Roasted Tomatillo Salsa

Ingredients

  • 12-15 tomatillos, husks removed
  • 5-15 chilis del arbol
  • 2 small cloves garlic, peeled
  • 1/4 tsp. salt
  • 1/2 tsp sugar

Instructions

  1. Line a heavy skillet with aluminum foil. (I use my cast iron skillet)
  2. Place tomatillos in the skillet and roast over medium high heat, turning occasionally, until tomatillos are cooked through and turning black in spots. About 20-30 minutes. (If you under-cook them I hear they taste like caterpillars) 
  3. While cooking tomatillos heat a small amount of oil in a small skillet. Add the chilies and cook until they are browned on all sides. Remove from heat and set aside.
  4. When tomatillos are cooked through place all ingredients (adding only a few chilies to start) in a food processor and blend until everything is mixed and very finely chopped.
  5. Taste and add more chilies and salt to suit your palate.
  6. Serve warm or after it has cooled depending on you level of patience.

Note: Salsa looses some of it’s spiciness when it cools.

 

Vegan Superbowl Chili Cheese Dip

Vegan chili cheese dip

Vegan Chili Cheese Dip you say? Ohh I do. This is the last recipe I’ll be posting using chili, I promise. (at least for now)

I usually make this using canned chili, but well I had the chili on hand so for New Year’s Eve this was what we had. It is so “real” tasting you will be surprised. We actually made a vegan chili cheese dip and a “normal” chili cheese dip and took them to a Super Bowl party last year thinking I could eat the vegan one and others could enjoy the “normal” one. Well people ended up eating both and not being able to tell the difference. I was rather shocked, but pleased.

This recipe is from my husband and is a family favorite. I had to adapt it for me, but really how hard is adapting when I’m just substituting the vegan versions of all the ingredients.

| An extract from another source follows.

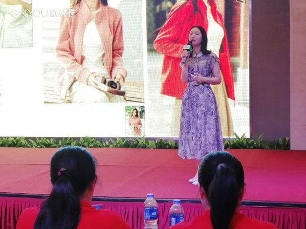 緊接著,歐林雅公司商品總監羅紅女士從流行元素、商品規劃、暢銷單品這3個角度,對2025春夏新品展開了全面而深入的解析。2025春夏新品我們以大眾精品、大眾爆品為原則進行開發,致力于滿足市場的剛需需求,新品以基礎款、標準款為主導,款式經久耐看。

Hope you eat well and fool those around you.

Vegan Chili Cheese Dip

Ingredients

  • 1 8oz container vegan cream cheese
  • 2 cups chili or one 15oz can
  • 1/2 – 1 cup vegan cheddar or nacho cheese

Instructions

  1. Spread vegan cream cheese in the bottom of a 9′ round or square baking pan.
  2. Spread chili over the cream cheese and top with as much vegan cheddar as you like.
  3. Cover with aluminum foil and bake for 15-20 minutes until cheese is melted.
  4. Serve hot with chips.
  5. According to my husband they must be Frito scoops, no other chips will do.